Data block:
--- START ---

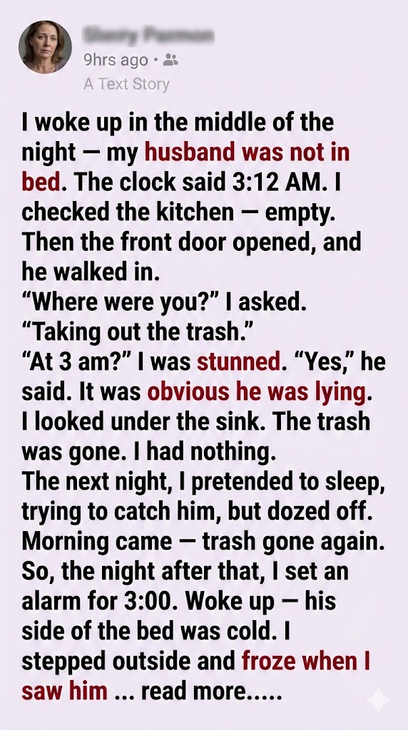 Now, every Tuesday night, we take the trash out together. And every time I hear the door open at 3 a.m., I don’t feel afraid anymore.
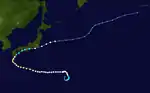 During January 8, the JMA started to monitor a tropical depression that had developed, about 500 km (310 mi) to the east of Ngerulmud, Palau.[3] Over the next day the system gradually developed further as it moved north-westwards, before it was classified as a tropical storm and named Sarah by the JTWC, after a US Navy plane had found an organised system.[3][4] The system subsequently recurved north-eastwards, before it was classified as a Severe Tropical Storm by the JMA during January 10.[5] During that day, the JTWC reported that the system had peaked, with 1-minute sustained wind-speeds of 95 km/h (60 mph).[4] Over the next day, the system quickly weakened and became an extratropical cyclone during January 11.[4] Sarah's extratropical remnants were subsequently tracked as they moved north-eastwards, until it made landfall on Canada and broke up over the mountains of British Columbia during January 17.[4]
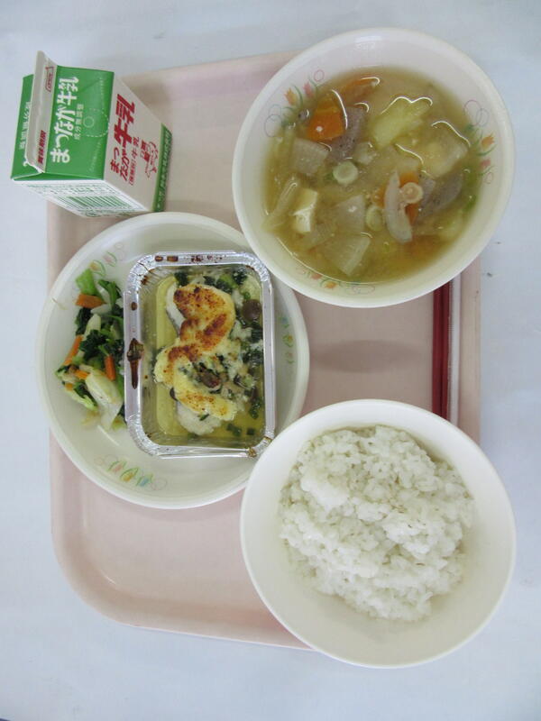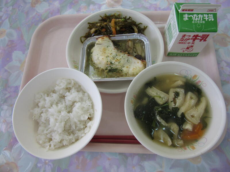 4月24日(月)麦ごはん、牛乳、白身魚のマヨネーズ焼き、切り昆布の炒め煮、小松菜のみそ汁
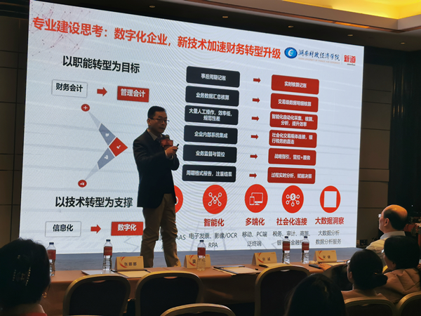 湖南财政经济学院会计学院潘彬院长做“国家级双一流专业建设和金课建设实践”演讲。潘院长指出,面向未来信息技术推动产业模式变革与创新,坚持贯彻“宽口径、厚基础、强能力、高素质"的方针,培养德、智、体、美、劳全面发展,具有良好的道德品质、扎实的专业知识、较深厚的人文底蕴、强烈的创新意识和宽广的国际视野,熟练运用大数据和人工智能技术对企事业单位的相关信息进行分析、决策和评价,能够在大中型企事业单位从事相关专业的工作。最后,潘院长就会计学的人才培养方案进行了详细讲解,这对金融学和国际经济贸易专业的新型人才培养方案具有指导性意义。

--- END ---

Exercise:
Go back to the lines above and output, exactly as they stand, the ones from the line containing "During January 8, the" to the line containing "4月24日(月)麦ごはん、牛". Leave all pictures behind.

Output below:
 During January 8, the JMA started to monitor a tropical depression that had developed, about 500 km (310 mi) to the east of Ngerulmud, Palau.[3] Over the next day the system gradually developed further as it moved north-westwards, before it was classified as a tropical storm and named Sarah by the JTWC, after a US Navy plane had found an organised system.[3][4] The system subsequently recurved north-eastwards, before it was classified as a Severe Tropical Storm by the JMA during January 10.[5] During that day, the JTWC reported that the system had peaked, with 1-minute sustained wind-speeds of 95 km/h (60 mph).[4] Over the next day, the system quickly weakened and became an extratropical cyclone during January 11.[4] Sarah's extratropical remnants were subsequently tracked as they moved north-eastwards, until it made landfall on Canada and broke up over the mountains of British Columbia during January 17.[4]
 4月24日(月)麦ごはん、牛乳、白身魚のマヨネーズ焼き、切り昆布の炒め煮、小松菜のみそ汁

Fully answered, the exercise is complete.